■ Records from a collection
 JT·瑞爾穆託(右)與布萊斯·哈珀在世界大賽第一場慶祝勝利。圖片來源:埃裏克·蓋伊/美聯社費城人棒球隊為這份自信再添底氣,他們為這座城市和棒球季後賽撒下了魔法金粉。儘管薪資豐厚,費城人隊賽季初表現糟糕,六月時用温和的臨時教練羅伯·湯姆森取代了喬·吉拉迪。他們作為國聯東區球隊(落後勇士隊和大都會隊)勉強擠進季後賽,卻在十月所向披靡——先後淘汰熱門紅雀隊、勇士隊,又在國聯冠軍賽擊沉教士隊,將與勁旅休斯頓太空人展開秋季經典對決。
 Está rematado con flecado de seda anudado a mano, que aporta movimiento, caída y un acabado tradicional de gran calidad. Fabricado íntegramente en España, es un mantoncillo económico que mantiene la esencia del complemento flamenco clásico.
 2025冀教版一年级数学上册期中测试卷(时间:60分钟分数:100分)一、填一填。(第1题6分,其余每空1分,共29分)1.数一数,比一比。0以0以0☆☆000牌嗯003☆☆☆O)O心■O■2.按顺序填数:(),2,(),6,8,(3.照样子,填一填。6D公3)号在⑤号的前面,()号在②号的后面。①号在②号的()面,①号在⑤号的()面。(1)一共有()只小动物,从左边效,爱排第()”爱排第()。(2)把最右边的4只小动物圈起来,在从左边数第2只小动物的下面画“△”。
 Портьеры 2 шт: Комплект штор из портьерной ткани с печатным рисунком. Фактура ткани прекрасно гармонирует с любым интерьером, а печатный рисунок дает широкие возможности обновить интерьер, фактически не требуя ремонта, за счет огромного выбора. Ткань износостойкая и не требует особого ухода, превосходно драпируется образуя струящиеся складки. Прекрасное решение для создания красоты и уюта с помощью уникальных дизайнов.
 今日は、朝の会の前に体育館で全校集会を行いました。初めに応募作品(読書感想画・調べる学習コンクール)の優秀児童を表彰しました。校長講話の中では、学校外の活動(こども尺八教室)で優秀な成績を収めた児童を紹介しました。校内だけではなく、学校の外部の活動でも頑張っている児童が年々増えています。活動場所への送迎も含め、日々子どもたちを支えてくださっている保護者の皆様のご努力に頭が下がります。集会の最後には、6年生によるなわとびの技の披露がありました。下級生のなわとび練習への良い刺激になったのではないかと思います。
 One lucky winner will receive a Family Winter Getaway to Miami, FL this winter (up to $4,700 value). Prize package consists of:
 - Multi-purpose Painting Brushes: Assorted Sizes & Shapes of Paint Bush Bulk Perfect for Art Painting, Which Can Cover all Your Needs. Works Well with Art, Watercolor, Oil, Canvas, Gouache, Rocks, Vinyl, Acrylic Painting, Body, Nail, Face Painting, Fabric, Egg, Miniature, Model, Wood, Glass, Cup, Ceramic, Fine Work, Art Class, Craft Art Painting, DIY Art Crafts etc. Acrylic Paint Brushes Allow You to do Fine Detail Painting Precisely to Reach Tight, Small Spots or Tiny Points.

■ WHAT IS NEEDED
Please print exactly what appears from the first line of the data through the line with "今日は、朝の会の前に体育館で", including both of those lines and nothing past them.

■ SOLUTION
 JT·瑞爾穆託(右)與布萊斯·哈珀在世界大賽第一場慶祝勝利。圖片來源:埃裏克·蓋伊/美聯社費城人棒球隊為這份自信再添底氣,他們為這座城市和棒球季後賽撒下了魔法金粉。儘管薪資豐厚,費城人隊賽季初表現糟糕,六月時用温和的臨時教練羅伯·湯姆森取代了喬·吉拉迪。他們作為國聯東區球隊(落後勇士隊和大都會隊)勉強擠進季後賽,卻在十月所向披靡——先後淘汰熱門紅雀隊、勇士隊,又在國聯冠軍賽擊沉教士隊,將與勁旅休斯頓太空人展開秋季經典對決。
 Está rematado con flecado de seda anudado a mano, que aporta movimiento, caída y un acabado tradicional de gran calidad. Fabricado íntegramente en España, es un mantoncillo económico que mantiene la esencia del complemento flamenco clásico.
 2025冀教版一年级数学上册期中测试卷(时间:60分钟分数:100分)一、填一填。(第1题6分,其余每空1分,共29分)1.数一数,比一比。0以0以0☆☆000牌嗯003☆☆☆O)O心■O■2.按顺序填数:(),2,(),6,8,(3.照样子,填一填。6D公3)号在⑤号的前面,()号在②号的后面。①号在②号的()面,①号在⑤号的()面。(1)一共有()只小动物,从左边效,爱排第()”爱排第()。(2)把最右边的4只小动物圈起来,在从左边数第2只小动物的下面画“△”。
 Портьеры 2 шт: Комплект штор из портьерной ткани с печатным рисунком. Фактура ткани прекрасно гармонирует с любым интерьером, а печатный рисунок дает широкие возможности обновить интерьер, фактически не требуя ремонта, за счет огромного выбора. Ткань износостойкая и не требует особого ухода, превосходно драпируется образуя струящиеся складки. Прекрасное решение для создания красоты и уюта с помощью уникальных дизайнов.
 今日は、朝の会の前に体育館で全校集会を行いました。初めに応募作品(読書感想画・調べる学習コンクール)の優秀児童を表彰しました。校長講話の中では、学校外の活動(こども尺八教室)で優秀な成績を収めた児童を紹介しました。校内だけではなく、学校の外部の活動でも頑張っている児童が年々増えています。活動場所への送迎も含め、日々子どもたちを支えてくださっている保護者の皆様のご努力に頭が下がります。集会の最後には、6年生によるなわとびの技の披露がありました。下級生のなわとび練習への良い刺激になったのではないかと思います。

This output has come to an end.